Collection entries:

============

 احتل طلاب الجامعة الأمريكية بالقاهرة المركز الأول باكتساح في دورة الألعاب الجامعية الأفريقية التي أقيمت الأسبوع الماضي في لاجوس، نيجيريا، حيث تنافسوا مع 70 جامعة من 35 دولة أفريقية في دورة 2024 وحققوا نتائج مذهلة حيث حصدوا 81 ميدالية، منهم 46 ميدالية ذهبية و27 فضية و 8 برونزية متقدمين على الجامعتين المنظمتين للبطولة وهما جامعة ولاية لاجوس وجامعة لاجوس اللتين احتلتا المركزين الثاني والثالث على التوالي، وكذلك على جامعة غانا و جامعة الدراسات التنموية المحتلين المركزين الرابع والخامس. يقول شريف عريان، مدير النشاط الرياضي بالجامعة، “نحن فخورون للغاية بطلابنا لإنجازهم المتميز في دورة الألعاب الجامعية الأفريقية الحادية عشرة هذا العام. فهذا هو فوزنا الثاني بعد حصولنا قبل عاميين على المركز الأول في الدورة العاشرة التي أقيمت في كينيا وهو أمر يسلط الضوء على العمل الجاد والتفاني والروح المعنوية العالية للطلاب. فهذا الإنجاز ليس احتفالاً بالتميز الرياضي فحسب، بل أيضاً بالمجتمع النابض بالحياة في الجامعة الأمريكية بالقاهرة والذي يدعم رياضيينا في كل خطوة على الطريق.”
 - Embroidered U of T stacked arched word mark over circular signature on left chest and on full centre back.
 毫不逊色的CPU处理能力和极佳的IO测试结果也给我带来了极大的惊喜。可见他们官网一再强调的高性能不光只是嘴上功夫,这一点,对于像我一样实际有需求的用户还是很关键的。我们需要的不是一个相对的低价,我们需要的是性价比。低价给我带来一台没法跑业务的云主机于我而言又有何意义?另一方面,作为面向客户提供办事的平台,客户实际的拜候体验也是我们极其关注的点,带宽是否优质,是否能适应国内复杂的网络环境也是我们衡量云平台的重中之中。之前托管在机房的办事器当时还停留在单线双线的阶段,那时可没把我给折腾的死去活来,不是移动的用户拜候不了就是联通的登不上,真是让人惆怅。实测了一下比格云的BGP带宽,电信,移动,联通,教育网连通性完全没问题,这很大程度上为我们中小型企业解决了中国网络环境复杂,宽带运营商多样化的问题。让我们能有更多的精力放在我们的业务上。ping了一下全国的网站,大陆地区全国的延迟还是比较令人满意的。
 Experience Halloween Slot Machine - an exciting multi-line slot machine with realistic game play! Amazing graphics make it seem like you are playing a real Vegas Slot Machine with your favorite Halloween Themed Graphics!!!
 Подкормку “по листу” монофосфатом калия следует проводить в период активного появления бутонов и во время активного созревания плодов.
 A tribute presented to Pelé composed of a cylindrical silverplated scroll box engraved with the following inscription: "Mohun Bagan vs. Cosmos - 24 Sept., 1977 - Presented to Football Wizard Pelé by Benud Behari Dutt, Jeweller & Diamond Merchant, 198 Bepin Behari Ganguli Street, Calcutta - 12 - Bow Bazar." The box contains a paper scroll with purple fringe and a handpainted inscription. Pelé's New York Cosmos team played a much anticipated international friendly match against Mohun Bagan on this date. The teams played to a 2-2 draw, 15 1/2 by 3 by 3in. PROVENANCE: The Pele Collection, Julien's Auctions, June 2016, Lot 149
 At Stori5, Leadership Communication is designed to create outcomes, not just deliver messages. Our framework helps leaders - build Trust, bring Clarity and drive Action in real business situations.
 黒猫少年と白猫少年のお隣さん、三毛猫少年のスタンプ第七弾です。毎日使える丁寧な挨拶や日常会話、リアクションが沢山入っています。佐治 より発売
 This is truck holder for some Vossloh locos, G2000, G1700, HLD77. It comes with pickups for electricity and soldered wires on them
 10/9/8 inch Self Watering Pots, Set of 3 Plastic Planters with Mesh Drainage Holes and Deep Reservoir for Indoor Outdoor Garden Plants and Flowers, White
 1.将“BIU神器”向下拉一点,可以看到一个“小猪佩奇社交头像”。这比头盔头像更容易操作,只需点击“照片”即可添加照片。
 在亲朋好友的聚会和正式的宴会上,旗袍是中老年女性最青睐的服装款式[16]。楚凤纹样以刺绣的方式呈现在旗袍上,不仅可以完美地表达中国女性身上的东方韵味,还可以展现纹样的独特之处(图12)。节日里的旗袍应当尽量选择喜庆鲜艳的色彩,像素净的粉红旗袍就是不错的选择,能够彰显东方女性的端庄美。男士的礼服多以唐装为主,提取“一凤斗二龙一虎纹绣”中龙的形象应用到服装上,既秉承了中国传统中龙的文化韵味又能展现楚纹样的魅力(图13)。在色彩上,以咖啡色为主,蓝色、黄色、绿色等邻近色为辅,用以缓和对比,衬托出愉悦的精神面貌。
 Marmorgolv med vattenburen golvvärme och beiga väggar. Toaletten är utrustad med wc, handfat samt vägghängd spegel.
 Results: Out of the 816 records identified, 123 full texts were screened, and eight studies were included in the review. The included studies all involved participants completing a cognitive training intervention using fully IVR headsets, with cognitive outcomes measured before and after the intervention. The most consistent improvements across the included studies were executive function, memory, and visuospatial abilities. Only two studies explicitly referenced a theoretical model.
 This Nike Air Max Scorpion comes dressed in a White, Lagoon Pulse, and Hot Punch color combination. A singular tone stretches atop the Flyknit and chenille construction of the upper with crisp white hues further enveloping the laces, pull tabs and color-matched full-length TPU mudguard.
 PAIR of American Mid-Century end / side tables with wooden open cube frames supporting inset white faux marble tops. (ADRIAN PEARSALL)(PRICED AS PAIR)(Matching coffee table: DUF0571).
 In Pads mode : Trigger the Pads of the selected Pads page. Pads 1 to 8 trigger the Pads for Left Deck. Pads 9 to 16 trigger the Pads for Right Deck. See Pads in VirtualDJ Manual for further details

============

- PROBLEM REQUIREMENTS:
Please copy, word for word, every line from the first line of the records through the line containing "- Embroidered U", with both of those lines included and nothing else.

- WRITTEN RESPONSE:
 احتل طلاب الجامعة الأمريكية بالقاهرة المركز الأول باكتساح في دورة الألعاب الجامعية الأفريقية التي أقيمت الأسبوع الماضي في لاجوس، نيجيريا، حيث تنافسوا مع 70 جامعة من 35 دولة أفريقية في دورة 2024 وحققوا نتائج مذهلة حيث حصدوا 81 ميدالية، منهم 46 ميدالية ذهبية و27 فضية و 8 برونزية متقدمين على الجامعتين المنظمتين للبطولة وهما جامعة ولاية لاجوس وجامعة لاجوس اللتين احتلتا المركزين الثاني والثالث على التوالي، وكذلك على جامعة غانا و جامعة الدراسات التنموية المحتلين المركزين الرابع والخامس. يقول شريف عريان، مدير النشاط الرياضي بالجامعة، “نحن فخورون للغاية بطلابنا لإنجازهم المتميز في دورة الألعاب الجامعية الأفريقية الحادية عشرة هذا العام. فهذا هو فوزنا الثاني بعد حصولنا قبل عاميين على المركز الأول في الدورة العاشرة التي أقيمت في كينيا وهو أمر يسلط الضوء على العمل الجاد والتفاني والروح المعنوية العالية للطلاب. فهذا الإنجاز ليس احتفالاً بالتميز الرياضي فحسب، بل أيضاً بالمجتمع النابض بالحياة في الجامعة الأمريكية بالقاهرة والذي يدعم رياضيينا في كل خطوة على الطريق.”
 - Embroidered U of T stacked arched word mark over circular signature on left chest and on full centre back.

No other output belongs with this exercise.